Good day,
This may be tedious, as it is a problem I have been fighting for a long time, but I desperately need help and I hope someone out there has some ideas for me. My server technicians have only a few ideas for changing the software.
Summary:
We have a dedicated computer with around 150 active websites (all WordPress) and e-mail addresses for some of them. Every day around 4pm, all websites slow down, emails are not delivered on time (my tests show that they arrive one hour later), and running SSH on the server looks like almost all of them individual website blocks the server at the same time (even development pages where no traffic should actually take place). We've been dealing with it for a while, trying out a bunch of things that we thought might be the culprit.
Each site has the same plugin suite, Wordfence for security, and Backupbuddy for backup. In our first round of changes, we found that Wordfence was doing scans at this time of day.
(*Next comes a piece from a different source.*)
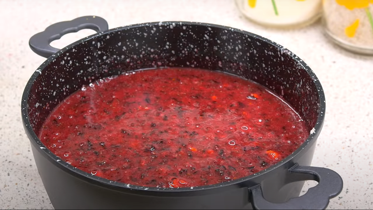 Постоянно помешиваем, чтобы ягоды не пригорели. Смородина должна повариться 5–7 минут.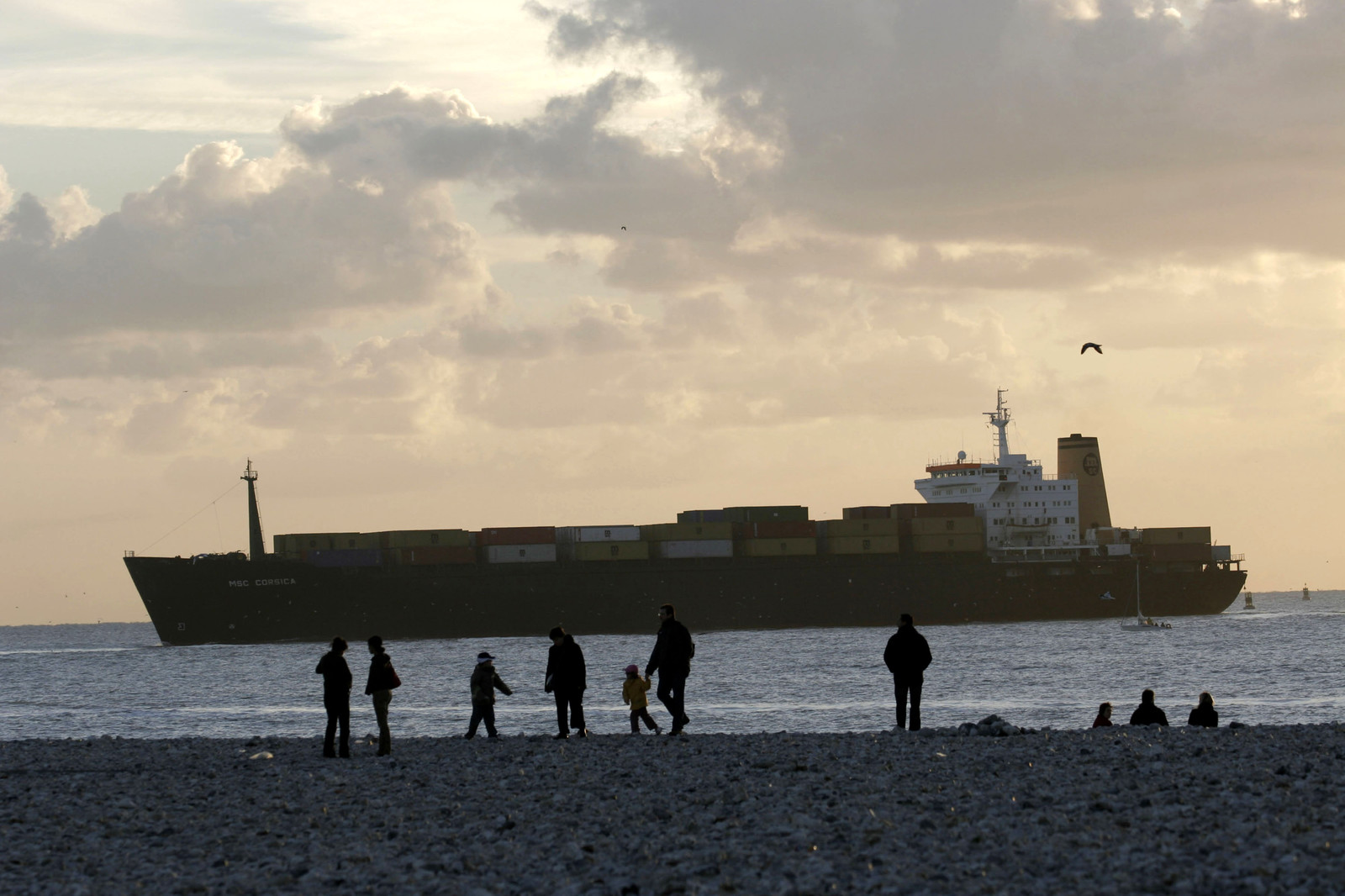 Container ship entering the Port of Le Havre, Seine Maritime, France

We went to every single website and turned off the scanning feature of WordFence (not ideal). We thought this would have helped, but that might be coincidence when the problem started again.
Then we took a closer look at the top-level command and found that doing an everyday kill on all sites ran cron jobs and some seemed to be connected to the backup plug-in. That's why we have disabled our backup plugin on every website. That seemed to help for a day, but it can also be a coincidence. Because the problem still exists and has gotten worse in the last few days.
Now my server people are saying again and again that they are just random processes and the server is just overloaded, but why every day at the same time? You can see how the running processes jump from about 14 to 50, 60, 80, and so on.
Now, looking at the topmost command being executed, it does not seem to be a cron job, it just contains random commands like /index.php and /wp-login.php. The normal stuff you'd expect, but it really gets worse when it happens, and on sites that I know are not getting visitors.
My server people suggest switching to Cloud Linux, which I do not oppose, but I wanted to get some advice first, as apparently no one has a clue and just shoots in the dark.
Has anyone ever seen such a thing? My knowledge of all this is limited and self-taught, but any help is greatly appreciated.
Restarting HTTP and SQL resolved the issue. In most cases, the problem will be restored after a few seconds.
I will try to describe our specific situation more precisely.
150 (ish) sites running WordPress are not all up-to-date (as some would have custom plugins or obsolete designs and would require work, the customer is unwilling to make any changes to the update). Most are running on PHP 5.6 (another thing I need to fix, but we need time we do not have).
Drive is 90% full what I know is also no idea, but expensive in the workaround.
Server specifications are:
Intel Xeon
E3-1270 V2
3.5 GHz
Four core
16 GB RAM
800 gb ssd
Mirror drive for the fuse
Cpanel / WHM / MySQL
I can provide any other information I need to get to the bottom of it because my clients are not happy.
Should I have this kind of problem with these server specifications and so many sites? Or is something going on?
Is the outdated PHP my problem or the sites or the storage space? I just do not know what would cause more than 100 websites to access the server and let it crawl at the same time.
Thanks in advance for any help you can provide.